Friday, January 06, 2012

Dido, Queen of Carthage

This play by Christopher Marlowe starts with the Olympian gods, which is something I had not seen yet in Elizabethan/Jacobean drama. Oh, Prospero has some goddesses traipsing around stage but they aren't really goddesses--they're spirits, tricked out like Iris, Ceres, and Juno. Oberon and Titania might be thought of as folk or nature deities, but they aren't gods in the proper sense, either; who sacrifices to Oberon? So here we have real gods and goddesses represented on stage.

We also have a very open and frank homosexual relationship between Jupiter and Ganymede. The Oberon/changeling boy relationship comes to mind except this is even more open. No beating around the bush or double entendres necessary--Jupiter and Ganymede are both dudes (although Ganymede is, in Venus's words, a "female wanton boy") who are into each other. Sexually. Is this okay because this is a mythological given, that Jupiter was hot for Ganymede? Was this transgressive in any way?

The play goes on very much as The Aeneid does, with Marlowe even using some of the same imagery to get his point across. It is easy to imagine a young Marlowe, still in school, writing this play as a scholarly exercise to show how good he is at Latin. The introduction I have says that his source is clearly the Latin, not any English translations. Marlowe's verse in this play is characterized by 10-syllable lines with end-stops, with very few run-on lines or feminine endings. He does occasionally throw in a 9-syllable line, though, and uses pauses for effect. The play also employs rhyme and alliteration: "and they so wrack'd and welter'd by the waves . . . Are ballassed with billows' watery weight."
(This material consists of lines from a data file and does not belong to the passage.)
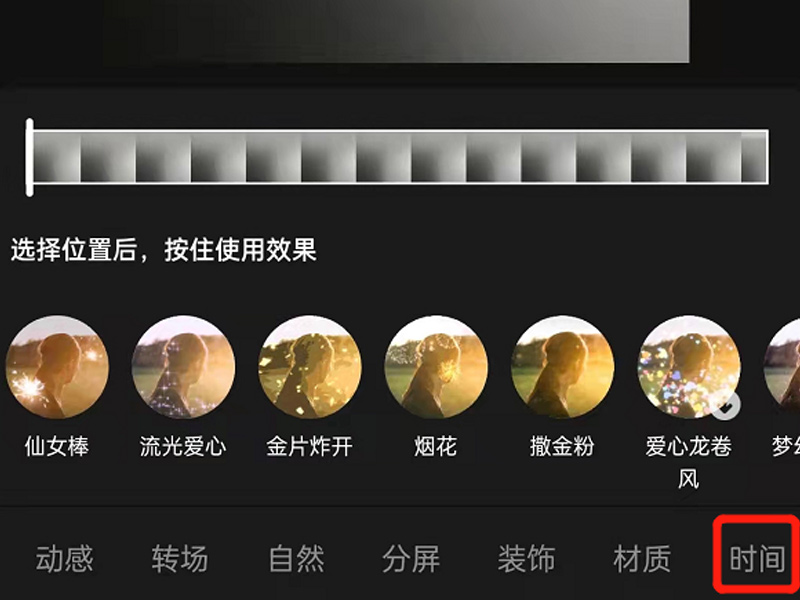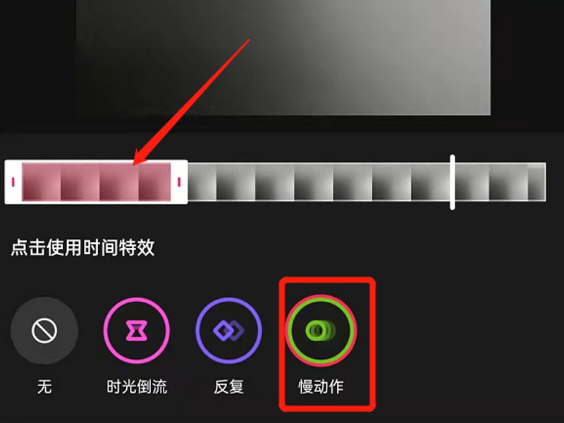 4、点击“慢动作”,即可将视频放慢,拉动上方视频中的控制框,拖到需要放慢镜头的地方即可。
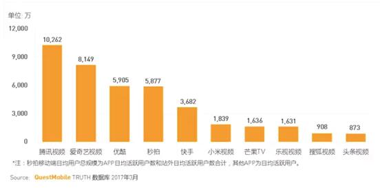 以上数据为移动端视频应用日均活跃用户数
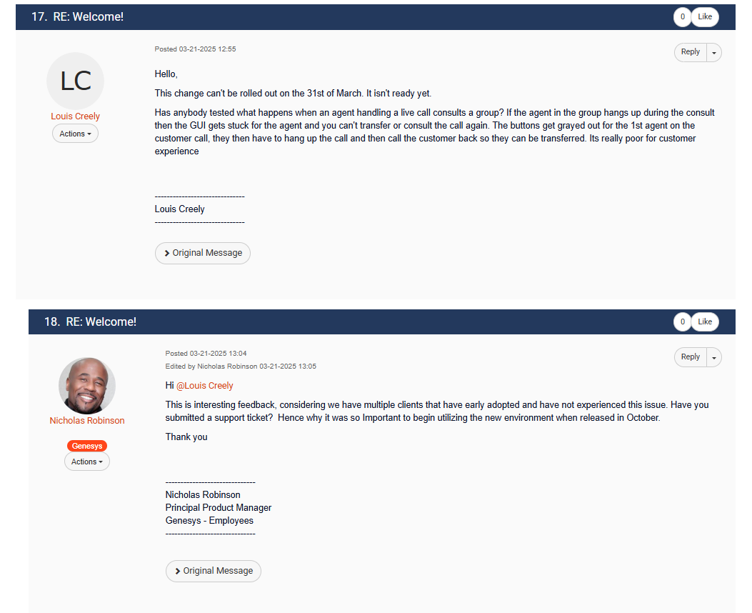 Genesys have been aware of this issue for 4 months now, i'm not sure what's going on anymore. Are we going to be forced over to something that has a serious flaw?

The one new plot device that Marlowe throws into the story is the enlarged character of Iarbus, whose rivalry for Dido's love leads him to help Aeneas to leave Carthage, and whose crazed love of Dido leads him to kill himself. As in Midsummer and Romeo and Juliet, I see here another exposition on the theme of the madness and arbitrary nature of love. Dido falls for Aeneas because a goddess or two engineers it; it is not inherent to their characters or even fated, inasmuch as Fate differs from the handiwork of a deity. Her love leads her to such extremes as to kill herself. Iarbus' love, indiscriminate as Helena, Hermia, and Juliet, leads him to kill himself instead of choosing the equally-appropriate Anna as his love. And then, of course, Anna kills herself.

Connections to $hakespeare:

  • Shipwrecked people thrown up on a foreign shore, separated from each other, as in The Tempest. 
  • A description of the sack of Troy, specifically the death of Priam and of Hecuba's rage/sadness, as the Player performs in Hamlet (some critics wonder if that speech was a "burlesque" of this speech).
  • Some confusion in Dido's first rejection of Iarbus that is reminiscent of Midsummer (and quite hilarious). She is under Cupid's spell and keeps vacillating about whether or not she wants Iarbus to come back. 
  • There is also a description of a serpent "harbour'd in my bosom" that reminds me of Hermia's line in Midsummer when she wakes and Lysander is gone.
  • I'm not sure about specific Antony and Cleopatra connections but this story has always reminded me of that other story . . . both classical in origin, about a pair of dynamic, powerful lovers whose love overtakes everything, suicide ending. Cleopatra is very manipulative and Dido, near the end, becomes controlling and manipulative of Aeneas, taking his sail and tackle and hiding (who she thought was) his son from him. Also, both involve ships. Deep thoughts.


Connections to other Marlowe work:

  • A few echoes, usually directed towards Ascanius, of the song of the Passionate Shepherd, wherein older women (Venus, the Nurse) are trying to entice Ascanius to come along with them by promising him all kinds of good things.
  • There aren't a lot of powerful women in Marlowe's other famous work. Faustus has none (but does reference Helen of Troy); Tamburlaine has Zabina, the wife of Bajazeth, who bravely defies Tamburlaine and kills herself after her husband; and The Jew of Malta has his daughter who exerts power over her own life but not over the lives of others. This play has 3 really powerful, vengeful, individuated women. Favorite line is Venus talking to Juno: "But I will tear thy eyes fro forth they head, / and feast the birds with their blood-shotten balls" (3.2.35).
  • Now that I think about it, it seems like there is a tradition of women in Marlowe's work committing suicide . . . Zabina, Dido, and Anna, of course, but Barabas's daughter, Abigail, goes to a nunnery, killing her both her Jewish and her sexual identity.